(Input for this task)

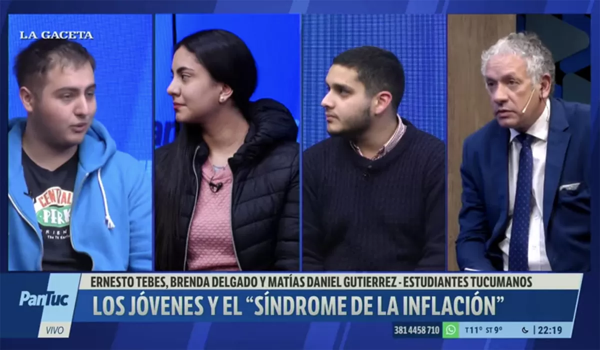 Así lo dejaron ver Brenda Delgado, Ernesto Teves y Matías Daniel Gutiérrez, que conversaron en el piso de "Panorama Tucumano" con el conductor del ciclo, Federico van Mameren, acerca de cómo viven los actuales tiempos en el país. Los dos primeros estudian -ella, Inglés; Teves, Derecho, y hace algunos trabajos como fotógrafo- y aún viven con sus familias; Gutiérrez, además de estudiar -Ingeniería en Sistemas-, trabaja en un estudio jurídico.
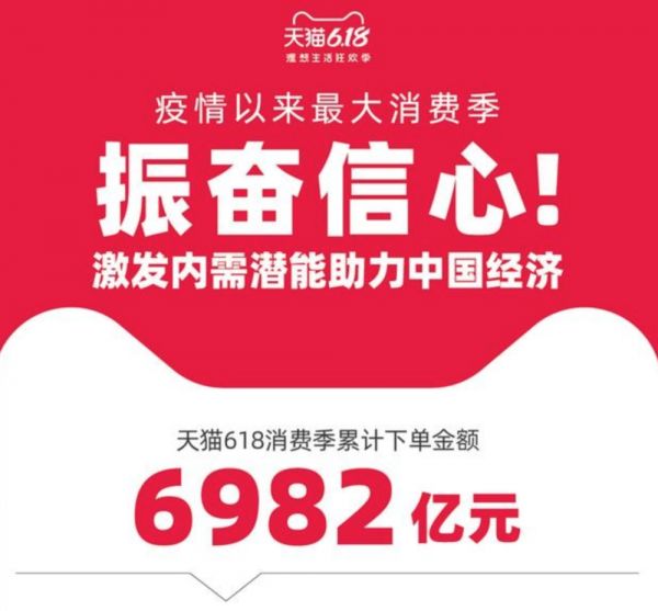 @IT之家【阿里宣布:天猫 618 累计下单金额达到 6982 亿元】 北京时间6月19日凌晨,阿里巴巴宣布,作为疫情以来最大的消费季,2020年天猫618的累计下单金额为6982亿,创造新纪录。
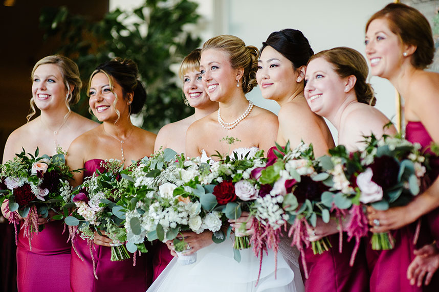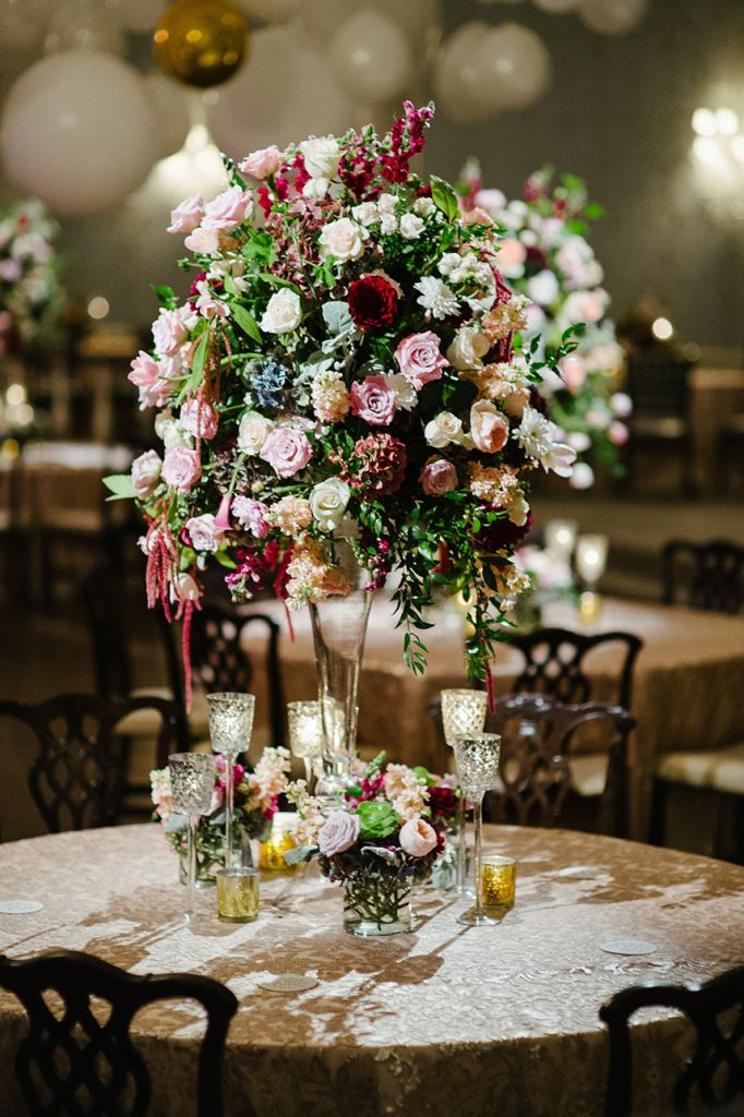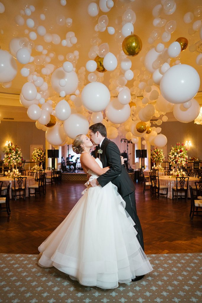 If you’re planning a fall ballroom wedding you’ve got see the gorgeous florals Plants N’ Petals created for Taryn Cheesman and Dr. Corey Hryc’s moody country club wedding! The way they cascade from the ceiling mingling with the balloon installation is so romantic and such a must see! Cheers to this Taryn and Corey!
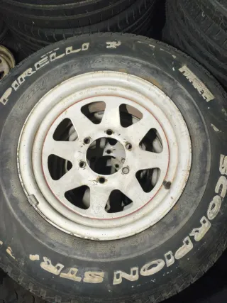 Juego cuatro llantas con neumáticos segunda mano marca PIRELLI Tamaño: P225/75R 15 106T M+S Año: 2004
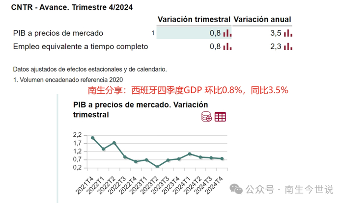 源自西班牙国家统计局公开的消息,2024年第四季度的经济实现了“环比上涨0.8%,同比大涨3.5%”的优异成绩,再一次在欧洲诸国中领跑。
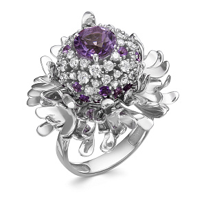 Кольцо из белого золота с бриллиантами, аметистом
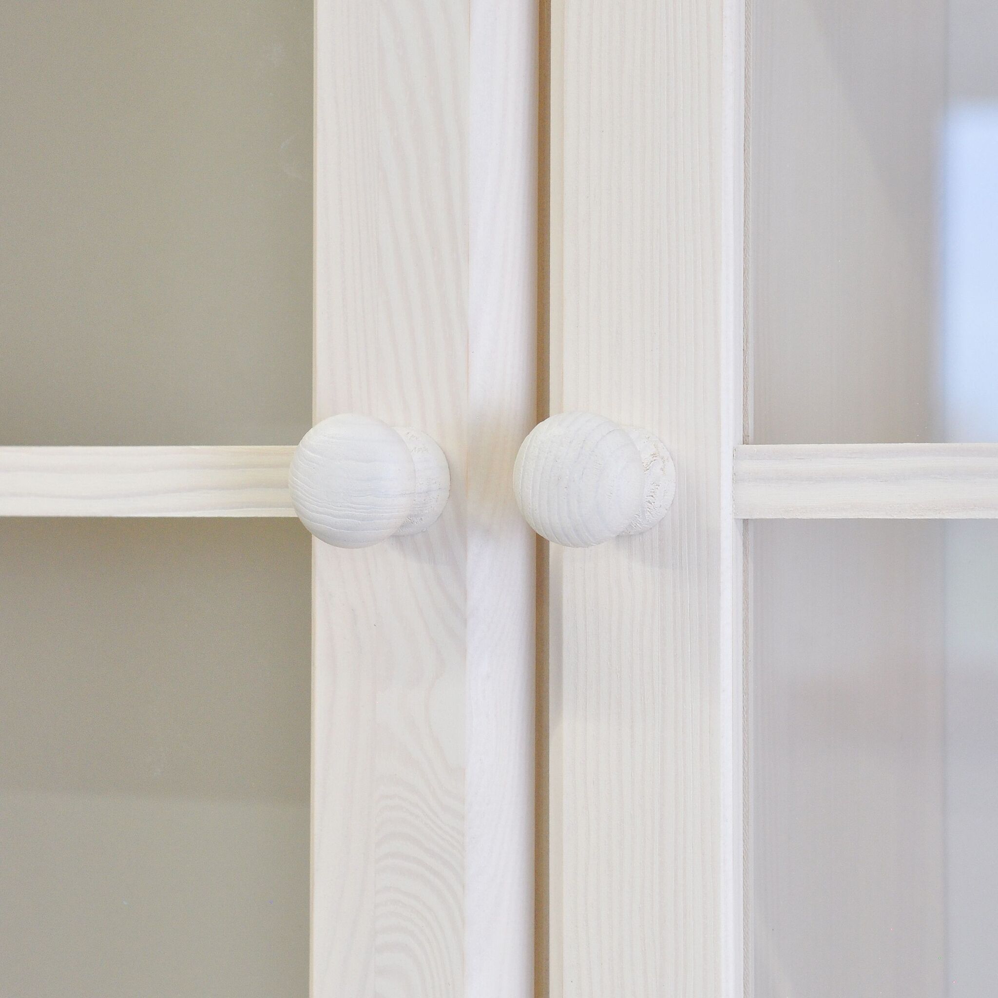 Шкаф из натурального массива сосны в скандинавском стиле с декоративным карнизом и стеклянными дверями создаст атмосферу уюта и элегантности в вашем интерьере.
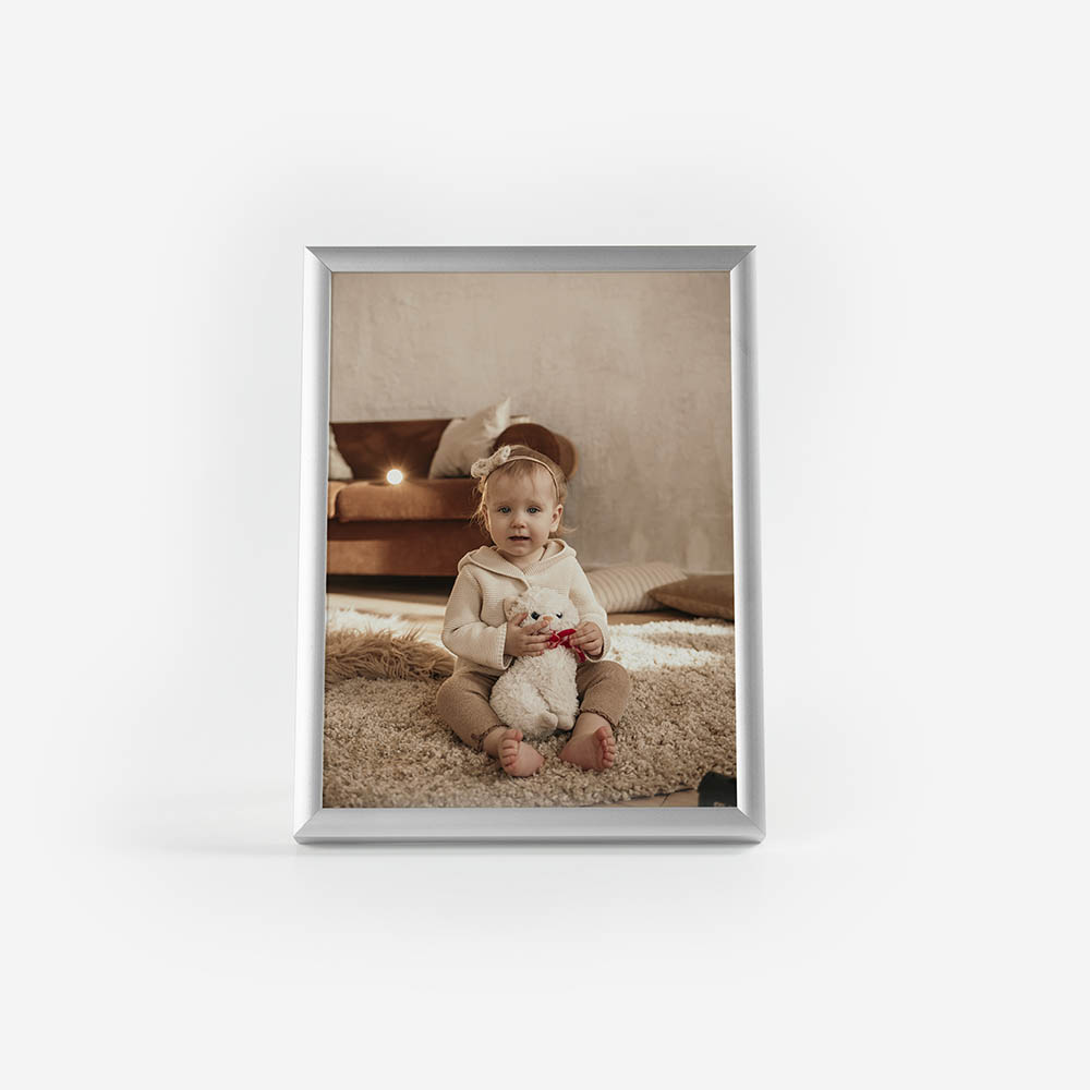 Moldura de alta qualidade, composta por uma estrutura em Alumínio com proteção em vidro, garantindo durabilidade e um acabamento perfeito para destacar as tuas fotos.
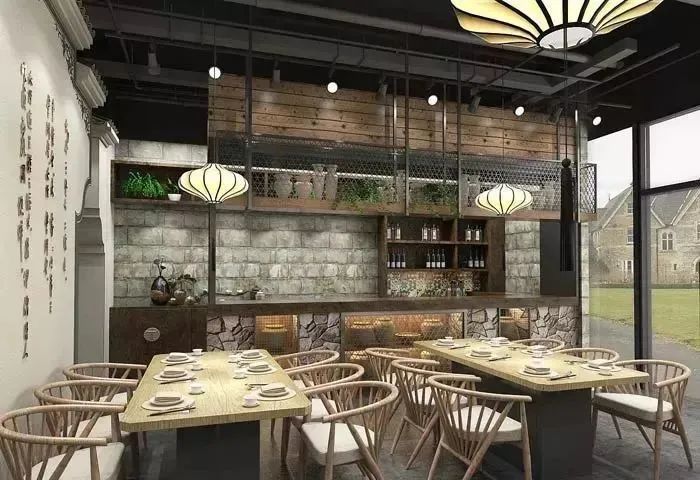 小型中式餐廳餐區(qū)設(shè)計:這里位于靠近窗戶的區(qū)域,在這里就餐有一個好處就是,室外的景色可以隨時看到,這也正是餐桌如此擺放的原因,設(shè)計師希望讓客戶在愉悅中就餐。
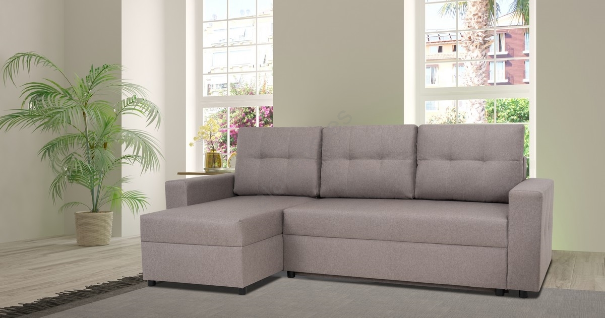 Sofá esquinero universal con función de cama y espacio de almacenamiento SEVILLA gris

(End Input for this task)

_Work instruction_.
Nothing but the lines from the one holding "If you’re planning" through the last line of the entries should be written out, exactly and inclusively, minus the pictures.

_Exercise response_.
 If you’re planning a fall ballroom wedding you’ve got see the gorgeous florals Plants N’ Petals created for Taryn Cheesman and Dr. Corey Hryc’s moody country club wedding! The way they cascade from the ceiling mingling with the balloon installation is so romantic and such a must see! Cheers to this Taryn and Corey!
 Juego cuatro llantas con neumáticos segunda mano marca PIRELLI Tamaño: P225/75R 15 106T M+S Año: 2004
 源自西班牙国家统计局公开的消息,2024年第四季度的经济实现了“环比上涨0.8%,同比大涨3.5%”的优异成绩,再一次在欧洲诸国中领跑。
 Кольцо из белого золота с бриллиантами, аметистом
 Шкаф из натурального массива сосны в скандинавском стиле с декоративным карнизом и стеклянными дверями создаст атмосферу уюта и элегантности в вашем интерьере.
 Moldura de alta qualidade, composta por uma estrutura em Alumínio com proteção em vidro, garantindo durabilidade e um acabamento perfeito para destacar as tuas fotos.
 小型中式餐廳餐區(qū)設(shè)計:這里位于靠近窗戶的區(qū)域,在這里就餐有一個好處就是,室外的景色可以隨時看到,這也正是餐桌如此擺放的原因,設(shè)計師希望讓客戶在愉悅中就餐。
 Sofá esquinero universal con función de cama y espacio de almacenamiento SEVILLA gris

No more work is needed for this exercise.